France: Au procès, on n’attend plus que DSK

 

Dominique Strauss-Kahn devra convaincre les juges qu’il ne savait pas que ses partenaires sexuelles de rencontre étaient des «pros», rétribuées par ses amis.

Il est venu lundi, à l’ouverture du procès, celui que toute la presse attend parce qu’il est la célébrité mondiale qui rend l’affaire hors norme. Mais l’homme politique déchu, emporté par le scandale du Sofitel en 2011 et une nouvelle fois exposé par l’affaire du Carlton, n’a répondu alors qu’à quelques questions en préambule du président du tribunal correctionnel, Bernard Lemaire.

Est-il déjà allé à l’hôtel Carlton? A-t-il rencontré deux des principaux co-prévenus, René Kojfer, le chargé de relations publiques de l’hôtel, cheville ouvrière supposée du réseau, et Dominique Alderweireld, alias Dodo la saumure, accusé d’en être le pourvoyeur? «Jamais».

Pour le reste, déclare le juge, «on en reparlera la semaine prochaine». «Bien sûr», lui dit M. Strauss-Kahn, visage fermé mais affable.

«Roi de la fête»

Au cours de son audition, l’ancien directeur du Fonds monétaire international (FMI), longtemps favori pour l’élection présidentielle de 2012, va devoir effectivement «reparler», au fond et dans le détail, du principal soupçon qui le vise: celui d’avoir été le «Roi de la fête», de ces parties fines pour lesquelles ses amis rameutaient des prostituées.

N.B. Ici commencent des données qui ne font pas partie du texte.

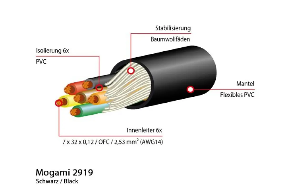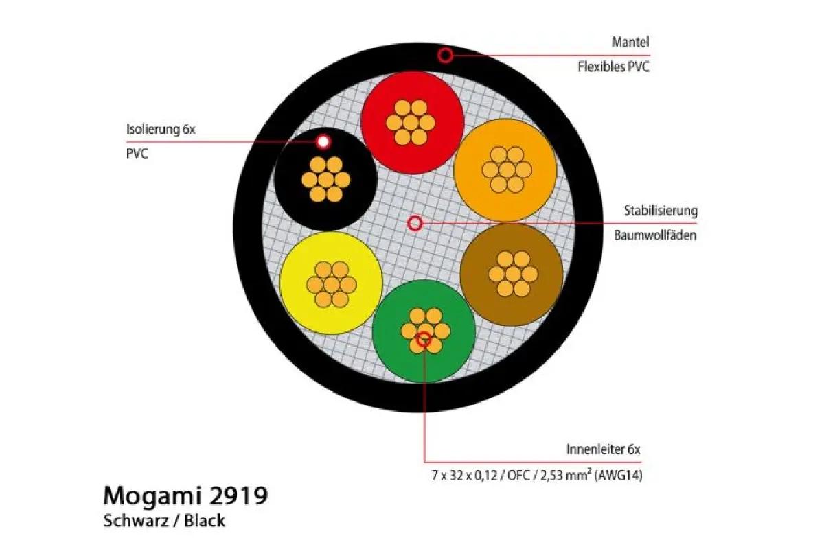 Mogami 2919 Lautsprecherkabel, 6-Wege, 6x 2,5mm2, Ø 12,8 mm, 50m Rolle

Simple libertinage, vie privée, s’est toujours défendu DSK, plaidant l’ignorance. Il encourt toutefois 10 ans de prison et 1,5 million d’euros d’amende si les juges ne concluent pas à la relaxe et ne suivent pas le parquet, qui avait requis le non-lieu durant l’instruction.

L’épreuve à venir pour Strauss-Kahn, qui constituera le clou de cette deuxième semaine du procès, c’est sa confrontation avec les témoignages d’anciennes prostituées. Elles le trouvent, sarcastiquement, au mieux «bien naïf», pour un homme qui a exercé de si hautes responsabilités, de n’avoir deviné leur qualité de dame galante, lors d’ébats sexuels qu’elles ont pu qualifier de «carnage».

Témoignages de prostituées

Le président Lemaire a toutefois prévenu lundi: «Le tribunal n’est pas le gardien de l’ordre moral mais celui du droit et de sa bonne application». Un rappel utile pour les deux camps en présence mais aussi une boussole pour une opinion publique à laquelle les détails croustillants de ces témoignages pourraient faire perdre le nord.

Derrière le proxénétisme aggravé qui le motive, ce procès ne devrait donc pas tourner à la dénonciation de la prostitution que souhaitent les associations qui se sont portées partie civile.

Ce que l’on peut retenir de la première semaine, plus que ceux de huit des 14 prévenus qui ont comparu, c’est pourtant bien le témoignage de plusieurs de ces femmes, également parties civiles. Malgré la difficulté d’évoquer un passé qu’elles avaient mis tant d’énergie à dissimuler à leurs proches et qui vient soudainement resurgir.

«Filles», parfois «maîtresses», l’euphémisme est souvent de mise au procès du Carlton. Il faut parfois «parler clair» et appeler ces dames des prostituées. «On a du mal à poser les mots», a fait remarquer à plusieurs reprises la substitut du procureur, Aline Clérot.

Théories du complot

Alors face aux bonnes réparties, au cynisme de prévenus qui en ont vu d’autres, aux truculences de Dodo qui prétend «faire de l’Audiard», le témoignage parfois glaçant des anciennes prostituées est venu rappeler que ce monde est loin d’être festif et tout rose.

«On était à 12 ou 15 dans une cuisine de 3 mètres sur 5 (…). On se préparait et on était présentées comme de la viande sur des esses (crochets de bouchet). Il fallait une certaine variété pour que le client puisse faire son marché», raconte «Jade», de son expérience dans une maison de Dodo la Saumure, en Belgique.

Enfin, la première semaine aura été marquée par les va et vient de la théorie du complot. «Tout est orchestré, tout est organisé!», a martelé l’un des prévenus, avocat de son métier, qui invoque un «cabinet noir» visant DSK.